■ Work instruction ■
In your copy, leave out the pictures and reproduce the listing below exactly.

■ Data ■
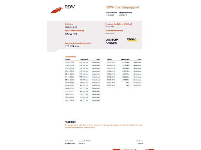 Kilometerstand gecontroleerd
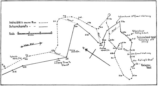 | Plan of the action between the British battle-cruisers and the German armoured cruisers | 199 | |
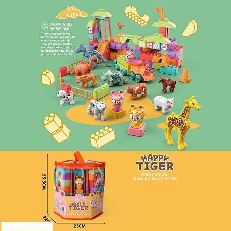 В набор входит 45 деталей из которых юный архитектор сможет выстроить настоящий парк развлечений с мини-зоопарком, где будут проводить весело время 3 кукольных малыша в костюмчиках зверюшек. Игровые модельки оснащены специальной блочной подставкой, которая подходит ко всем элементам конструкции.

■ Exercise solution ■
 Kilometerstand gecontroleerd
 | Plan of the action between the British battle-cruisers and the German armoured cruisers | 199 | |
 В набор входит 45 деталей из которых юный архитектор сможет выстроить настоящий парк развлечений с мини-зоопарком, где будут проводить весело время 3 кукольных малыша в костюмчиках зверюшек. Игровые модельки оснащены специальной блочной подставкой, которая подходит ко всем элементам конструкции.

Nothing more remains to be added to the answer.